METTL7A Antibody

What is METTL7A and what are its primary cellular functions?

METTL7A (Methyltransferase-like protein 7A) functions as a thiol S-methyltransferase that catalyzes the transfer of methyl groups from S-adenosyl-L-methionine to alkyl and phenolic thiol-containing acceptor substrates. Along with METTL7B, it accounts for most S-thiol methylation activity in the endoplasmic reticulum of hepatocytes .

METTL7A has several key functions:

• Methylates the N6 position of adenosine residues in long non-coding RNAs (lncRNAs)

• Facilitates lncRNAs transfer into exosomes at the tumor-stroma interface

• Promotes osteogenic and odontogenic differentiation by regulating genes involved in stem cell differentiation and survival

• Can be targeted from the endoplasmic reticulum to lipid droplets

• May play a role in the assembly and release stages of hepatitis C virus (HCV)

What types of METTL7A antibodies are commonly available for research?

Based on current research resources, METTL7A antibodies are primarily available as rabbit polyclonal antibodies. Several validated options include:

• Rabbit Polyclonal antibodies that react with human samples (ab79207), suitable for Western Blot applications

• Rabbit Polyclonal antibodies that react with human, mouse, and rat samples (17092-1-AP), suitable for Western Blot, Immunohistochemistry, and ELISA applications

• Rabbit IgG antibodies that react with human and mouse samples (A14279), suitable for ELISA and Western Blot applications

These antibodies have been raised against different immunogens, including synthetic peptides within the human METTL7A protein.

What is the molecular weight and structure of METTL7A protein?

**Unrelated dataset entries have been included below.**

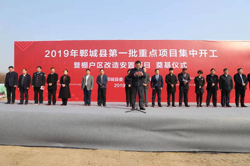 3月6日上午,鄲城縣舉行2019年全縣第一批重點項目集中開工暨棚戶區改造安置項目開工奠基儀式??h委書記羅文閣,河南中原建業城市發展有限公司董事長陳建業,總裁馬驍騰,縣長李全林,縣人大常委會主任李建軍,縣政協主席姜永來,縣委常委、常務副縣長王智華等出席開工儀式。
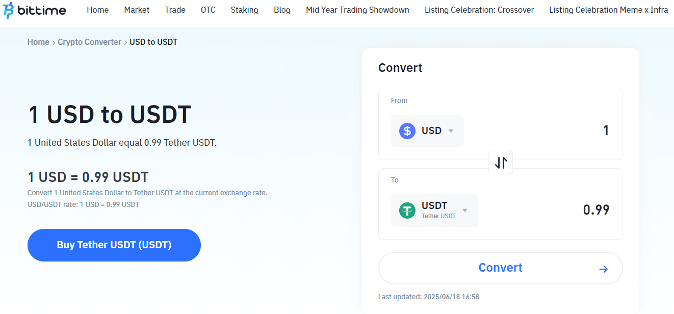 Gambar di atas menunjukkan nilai 1 USD jika kita konversikan ke USDT melalui Bittime. Pada platform tersebut nilai 1 USD sama dengan 0,99 USDT. Hal tersebut terjadi karena adanya exchange rate yang berlaku pada bursa kripto tersebut.
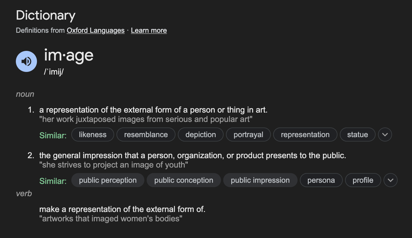 The word 'image' has latin origins and is closely related to the word 'imitate'. An image is defined as a representation of the external form of a person or thing. In other words, an image is a model of a thing or a snapshot of how a thing is perceived from a particular perspective; but what an image is not is the thing itself. I used to have the biggest crush on Zoe Saldana and used to collect images of her on my Tumblr and imagine one day meeting her and making her fall in love with me.
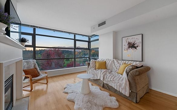 This bright 1-bedroom plus den, condo (approx. 590 sq ft) in Harbourside Park offers stunning views of the harbour and North Shore mountains. Located... Read More >
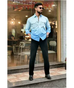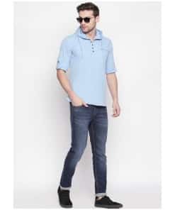 Light Blue Short Cross Kurta Shirt – Casual Cotton Comfort
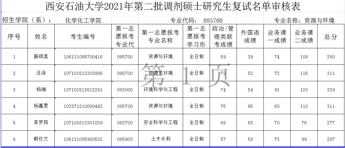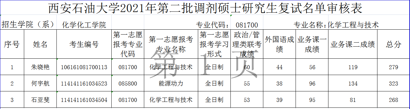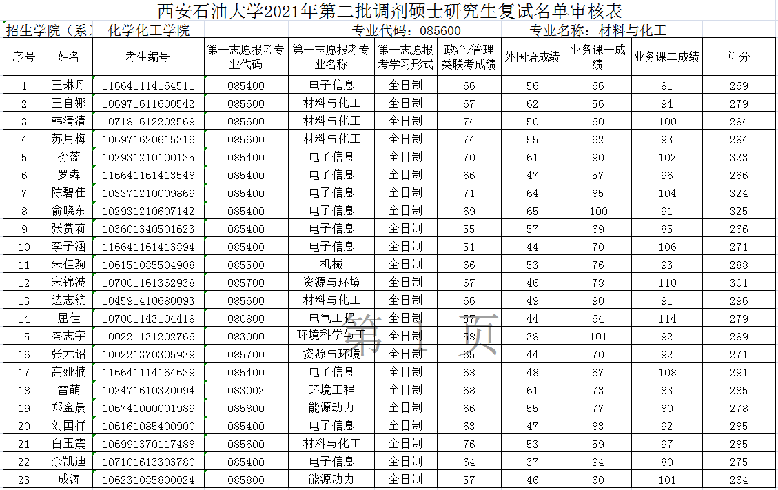 2021年参加第二批调剂硕士研究生复试名单公示

METTL7A has a calculated molecular weight of approximately 28 kDa, though observed molecular weights in experimental settings may vary:

• The calculated molecular weight is consistently reported as ~28 kDa (precisely 28,319 Da)

• Observed molecular weight in Western Blot applications is typically 25-28 kDa

• Some antibodies report an observed molecular weight of 68 kDa, which may represent a different isoform or post-translationally modified version of the protein

At least two isoforms of METTL7A are known to exist, which may explain some of the variability in observed molecular weights across different experimental conditions .

What are the optimal conditions for using METTL7A antibodies in Western Blotting?

For optimal Western Blot detection of METTL7A, researchers should follow these methodological guidelines:

• Antibody dilution ranges:

  • For antibody 17092-1-AP, use dilutions between 1:5000-1:50000

  • Titration is recommended in each specific testing system to obtain optimal results

• Sample preparation:

  • METTL7A has been successfully detected in various cell lines including HepG2 and HeLa cells

  • Tissue samples that yield positive results include mouse and rat lung tissue, and mouse liver tissue

• Expected band size:

  • Look for bands at 25-28 kDa, which is the typical observed molecular weight

  • Be aware that some antibodies may detect bands at higher molecular weights (~68 kDa)

• Storage conditions:

  • Store antibodies at -20°C where they remain stable for one year after shipment

  • Some antibodies can be stored at 4°C for up to three months

  • Avoid repeated freeze-thaw cycles

How can METTL7A antibodies be optimized for immunohistochemistry applications?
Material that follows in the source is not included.